Personally, I think that the sump is small for a 90 gallon marine tank but it can work. I would ditch the bio balls and the foam and use a filter sock...you will need to change it very often. I would also recommend the best skimmer you can find. The skimmer will be your main source of filtration. In your refugium you will need some cheato (i think that is how you spell it) which will increase your pod population and get rid of nitrates.

For your salt water endeavors visit www,worldwidereefers,com, it is a very nice site where you earn site money for posting in the forums which you can use to buy aquarium items such as auto top off systems, frag racks, test kits, etc... You can also enter a free lottery game to win items and or site money weekly.

Just remember to put me down as the referral when registering (MightyEvil)!!!


----------



## Toby_H

With your design, the refuguin will hardly see any turnover...

With your design any debris that is caught on the 'foam filter' will wash into the skimmer compartment and potentially be pushed into the pump compartment and potentially be pushed back intot he tank...

It seems like you completely overlooked mechanical filtration in this design. You may have done this consciously and if so no problem, but if it was an oversight, I hope this helped....


----------



## FSM

You want the water to flow through the media and then under the first divider, not over it. A quiet one 4000 pump would be better, I think. I have a 3000 running the sump on my FW 75 gallon, SW needs much more flow though, correct? The 4000 isn't any less efficient and doesn't cost much more.


----------



## pmac

Thanks for your tips everyone, like I said, I'm new to this. So all information is very helpful. I'm also not dead set on using a 20gallon sump, that's just what was recommended to me by a quite reputable dealer in my area. I was actually basing my design off of the AGA Megaflow Model 3, but I may have got the design wrong. So all information I can get is very helpful. Thanks.


----------



## Mcdaphnia

Ditch the bioballs if you are going to have a lot of live rock or any live coral. They are still useful in a fish only (FO) marine tank, but unlike the early days theories, it's best to remove a portion of the dirtiest bioballs and wash them as part of maintenance.

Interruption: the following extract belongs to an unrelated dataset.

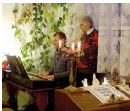
Бердянск (Запорожская обл.)

The bioballs are in the dry part of the filter, more air than water and that water drains out the completely open bottom. There will be no water overflowing the top unless something is very wrong.

The bigger the sump the better. Rubbermaid doesn't make 300 gallon livestock tanks just so cattle can drink, right? I was at a guy's house with a nice marine tank in the living room. Then we went to the basement where he had two 100 gallon Rubbermaid stock tanks and one 300 gallon hooked into the remote fitration system for that living room tank. The plumbing for the 100's could be changed with a few gate valves so that one could be isolated and used to mix new saltwater, then put back in tandem so the new water mixed with the older water in the other 100 which then went upstairs. Somewhere in there were a couple six foot tall skimmers, calcium reactor, RO/DI unit, and more.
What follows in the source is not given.